=== Section Start ===

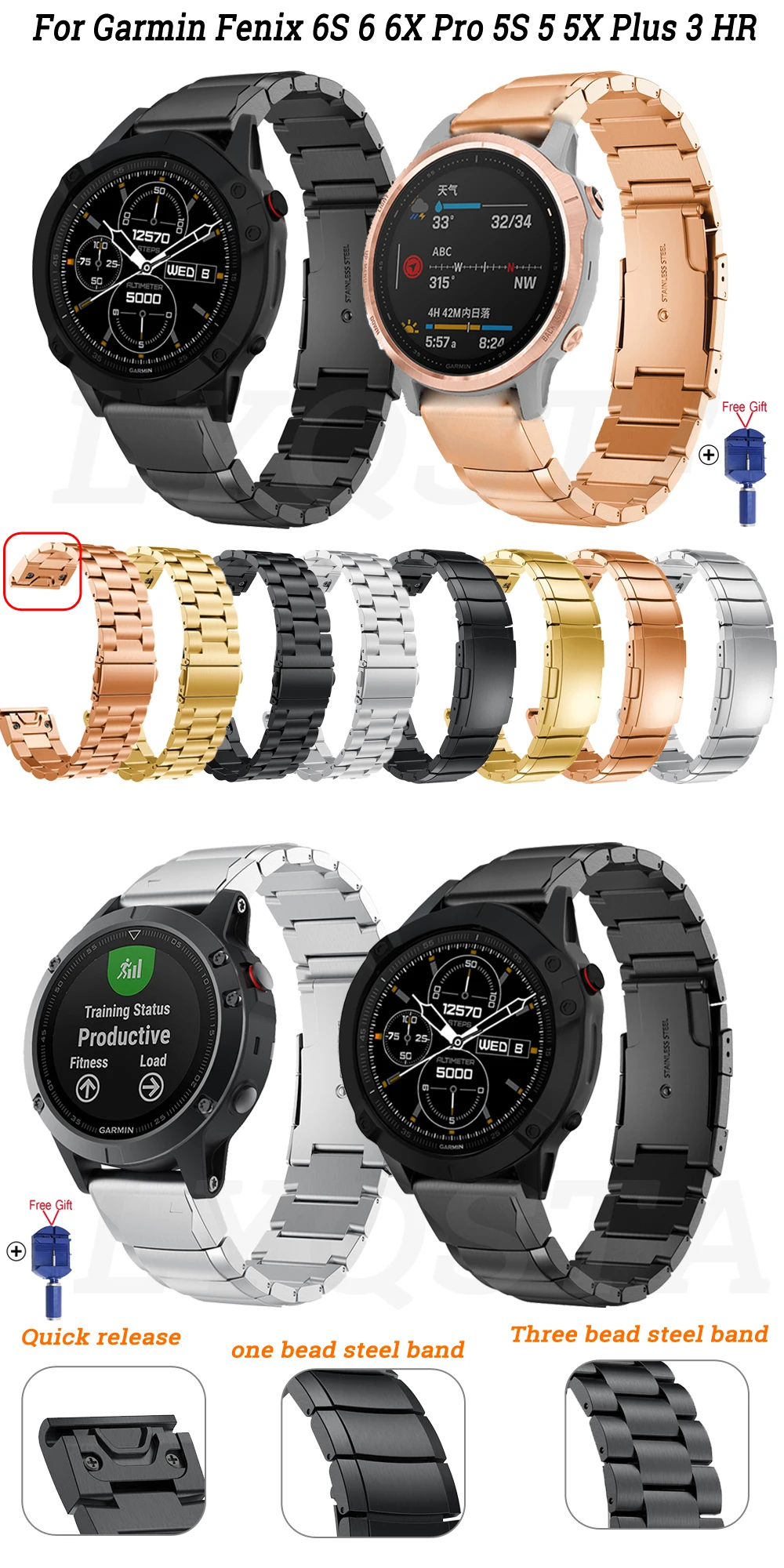 Ремешок для наручных часов 20 22 26 мм, металлический быстросъемный браслет из нержавеющей стали для Garmin Fenix 6S 6X 6 Pro 5X 5 5S 3HR Easyfit
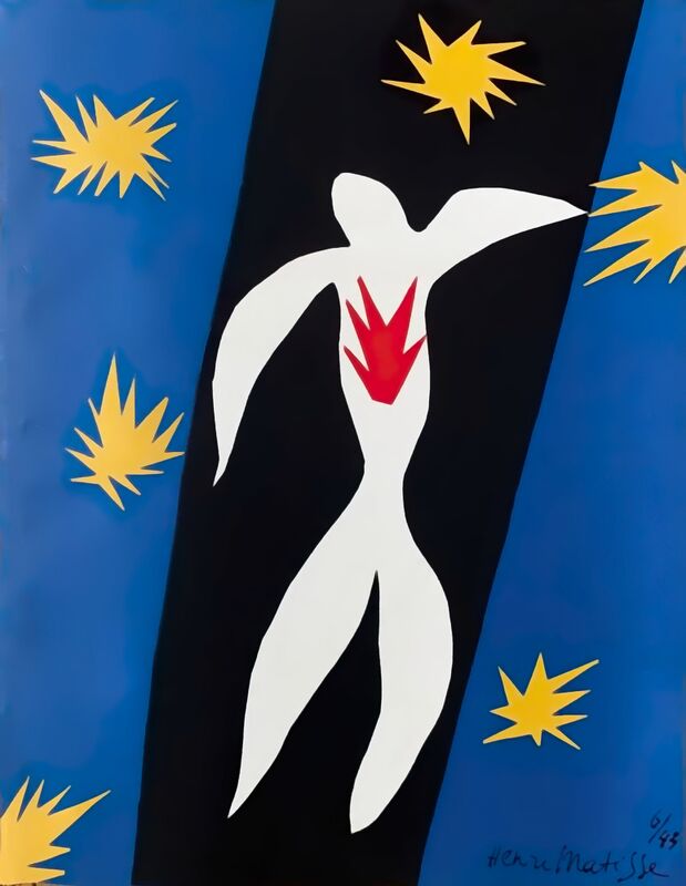 Icarus is an early modernist gouache painting created by henri matisse from 1943 to 1944... Icarus is an early modernist gouache painting created by henri matisse from 1943 to 1944. Icarus was a character from a celebrated greek myth that was quite popular as a subject among european painters.. Henri matisse icarus (icare) from jazz 1947 not on view;
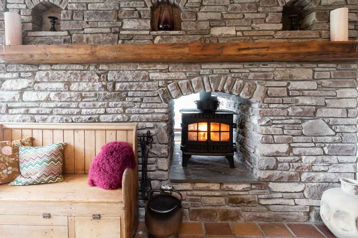 Entering into the main living area from the front porch, you immediately sense the warm and cosy atmosphere of the house, with its feature stone wall, wood-burning stove and plush comfy couch and armchairs. The fireplace is double sided so the wood burning stove can be enjoyed from the sunroom which has a dining table for six and second cosy lounge area.
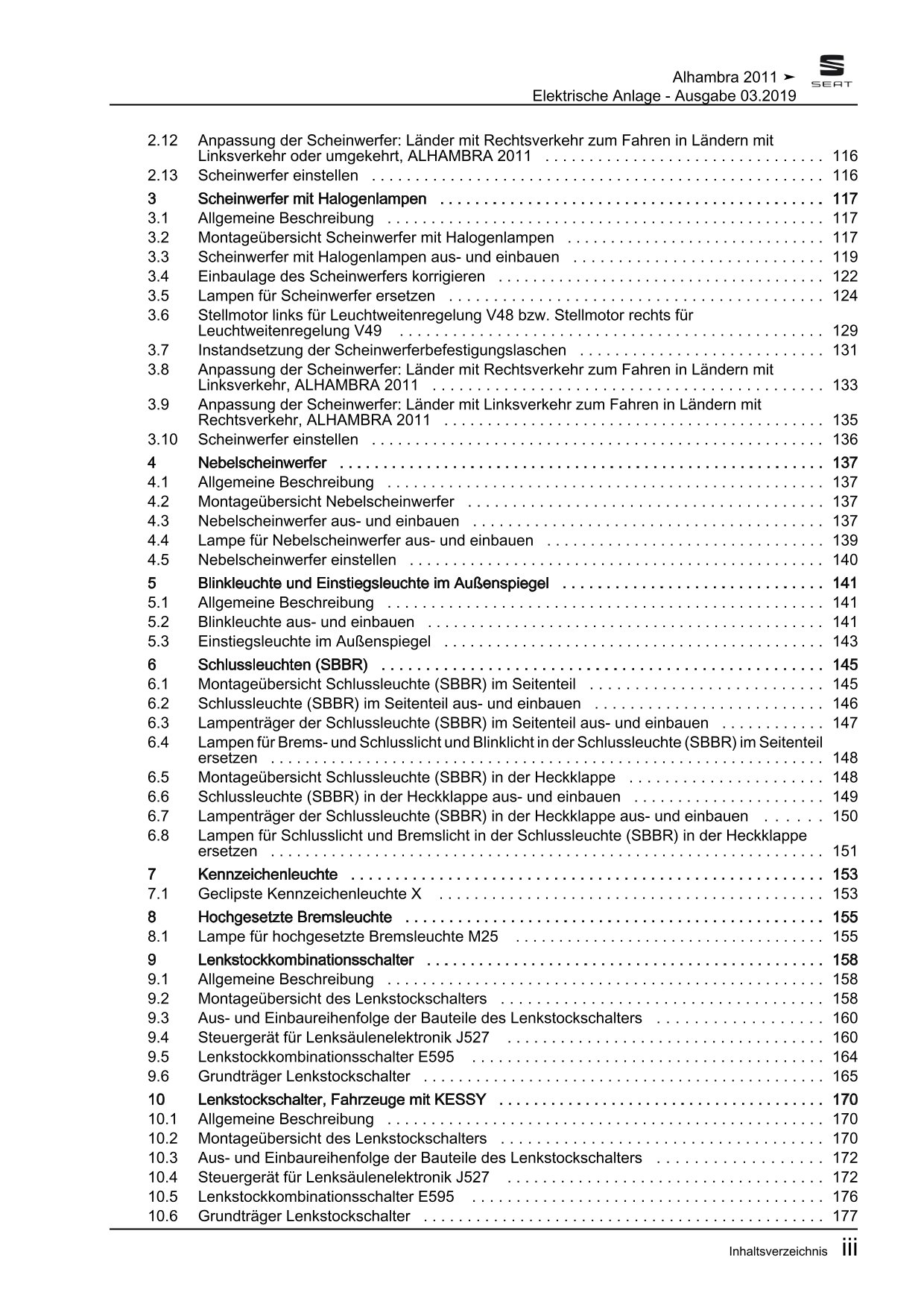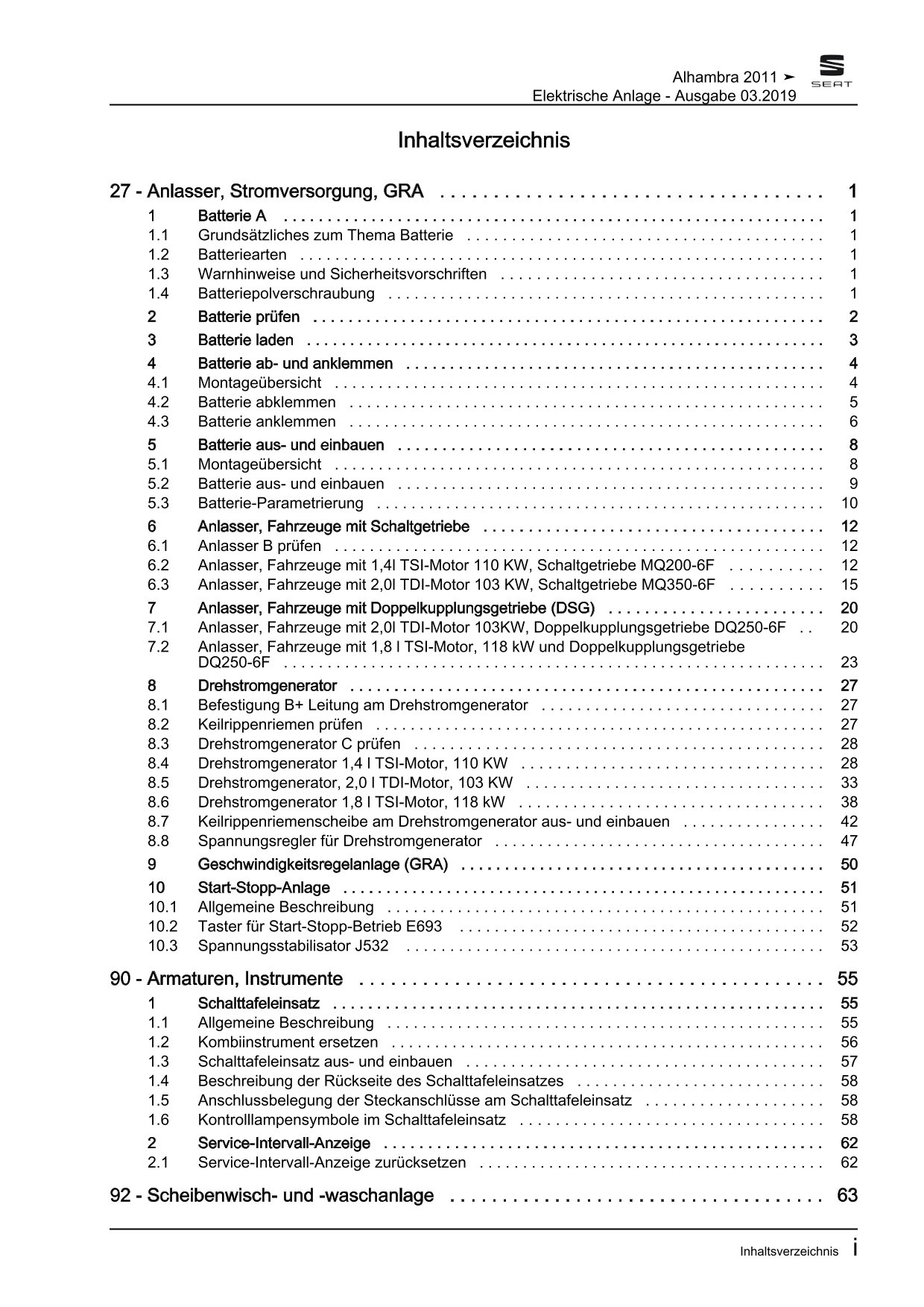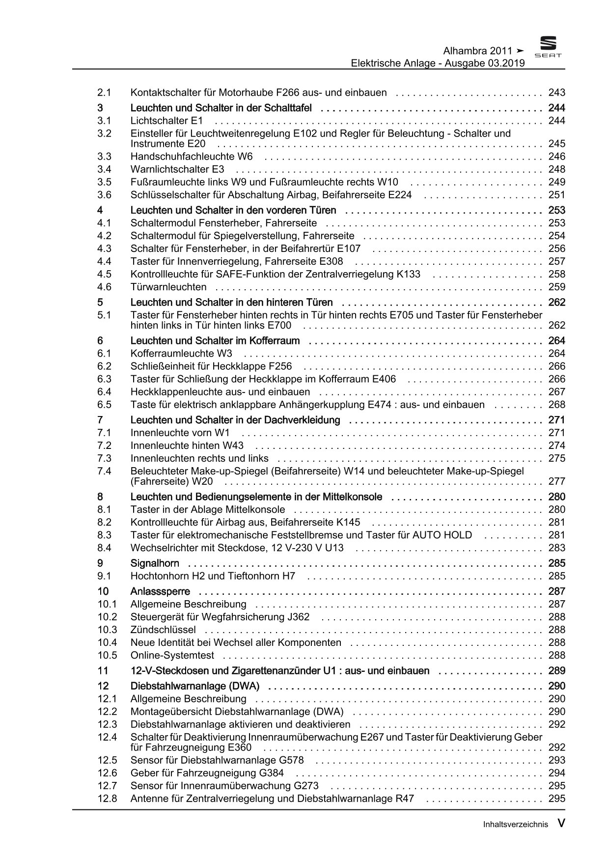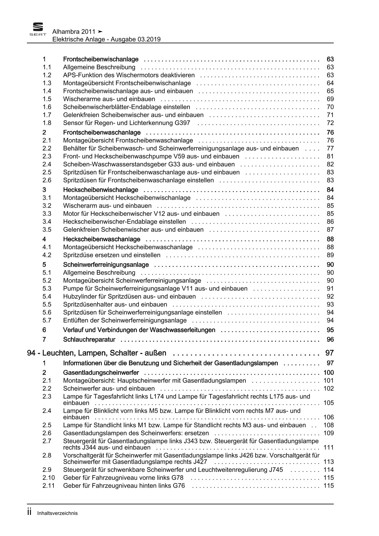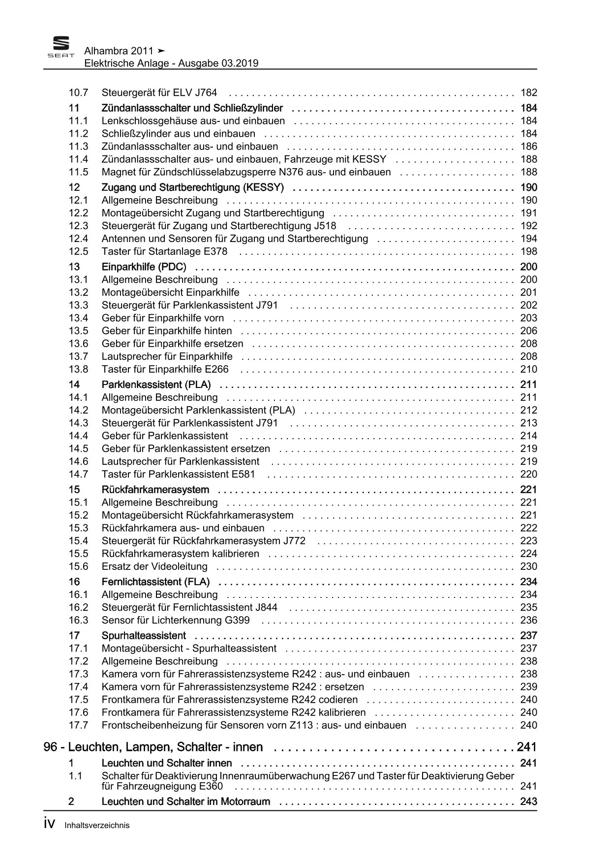 Offizieller Seat Alhambra II Reparaturleitfaden (Typ 71, 710, 7N)
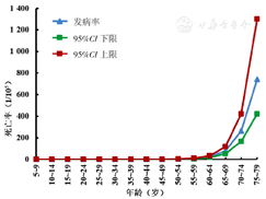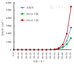 注:各年龄组发病率及其95%CI:5~9岁组为0.000 4/105(0.000 1/105,0.001 1/105)、10~14岁组为0.001 1/105(0.000 5/105,0.002 7/105)、15~19岁组为0.005 4/105(0.003 0/105,0.009 7/105)、20~24岁组为0.049 8/105(0.034 8/105,0.071 4/105)、25~29岁组为0.252 5/105(0.192 3/105,0.331 6/105)、30~34岁组为0.702 5/105(0.565 2/105,0.873 0/105)、35~39岁组为1.278 1/105(1.079 6/105,1.513 0/105)、40~44岁组为2.555 6/105(2.250 4/105,2.902 2/105)、45~49岁组为4.990 8/105(4.466 1/105,5.577 0/105)、50~54岁组为14.588 2/105(11.867 3/105,17.933 0/105)、55~59岁组为37.087 3/105(27.870 2/105,49.352 6/105)、60~64岁组为133.557 8/105(93.948 6/105,189.866 5/105)、65~69岁组为420.275 2/105(272.878 6/105,647.289 0/105)、70~74岁组为1 185.118 9/105(698.246 3/105,2 011.477 5/105)、75~79岁组为2 828.828 5/105(1 470.761 6/105,5 440.902 6/105)
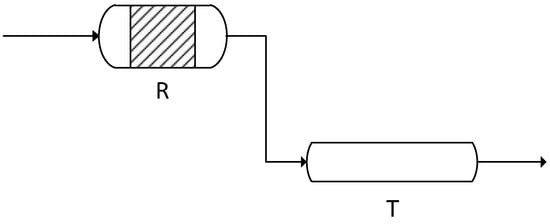 Regarding the balance on gas phase species, we assumed the reactor was composed by two vessels (R) and (T) (Figure 4). The vessel R is the catalytic reactor, while T is representative of the tube connecting the reactor (R) and the analyzer, whose residence time represents the delay time between gas species’ exit from the reactor and their detection in the analysis system.

=== Section End ===

__What to work on__: Pictures are to be left out; everything else in the records gets retyped exactly.

__Written solution__:
 Ремешок для наручных часов 20 22 26 мм, металлический быстросъемный браслет из нержавеющей стали для Garmin Fenix 6S 6X 6 Pro 5X 5 5S 3HR Easyfit
 Icarus is an early modernist gouache painting created by henri matisse from 1943 to 1944... Icarus is an early modernist gouache painting created by henri matisse from 1943 to 1944. Icarus was a character from a celebrated greek myth that was quite popular as a subject among european painters.. Henri matisse icarus (icare) from jazz 1947 not on view;
 Entering into the main living area from the front porch, you immediately sense the warm and cosy atmosphere of the house, with its feature stone wall, wood-burning stove and plush comfy couch and armchairs. The fireplace is double sided so the wood burning stove can be enjoyed from the sunroom which has a dining table for six and second cosy lounge area.
 Offizieller Seat Alhambra II Reparaturleitfaden (Typ 71, 710, 7N)
 注:各年龄组发病率及其95%CI:5~9岁组为0.000 4/105(0.000 1/105,0.001 1/105)、10~14岁组为0.001 1/105(0.000 5/105,0.002 7/105)、15~19岁组为0.005 4/105(0.003 0/105,0.009 7/105)、20~24岁组为0.049 8/105(0.034 8/105,0.071 4/105)、25~29岁组为0.252 5/105(0.192 3/105,0.331 6/105)、30~34岁组为0.702 5/105(0.565 2/105,0.873 0/105)、35~39岁组为1.278 1/105(1.079 6/105,1.513 0/105)、40~44岁组为2.555 6/105(2.250 4/105,2.902 2/105)、45~49岁组为4.990 8/105(4.466 1/105,5.577 0/105)、50~54岁组为14.588 2/105(11.867 3/105,17.933 0/105)、55~59岁组为37.087 3/105(27.870 2/105,49.352 6/105)、60~64岁组为133.557 8/105(93.948 6/105,189.866 5/105)、65~69岁组为420.275 2/105(272.878 6/105,647.289 0/105)、70~74岁组为1 185.118 9/105(698.246 3/105,2 011.477 5/105)、75~79岁组为2 828.828 5/105(1 470.761 6/105,5 440.902 6/105)
 Regarding the balance on gas phase species, we assumed the reactor was composed by two vessels (R) and (T) (Figure 4). The vessel R is the catalytic reactor, while T is representative of the tube connecting the reactor (R) and the analyzer, whose residence time represents the delay time between gas species’ exit from the reactor and their detection in the analysis system.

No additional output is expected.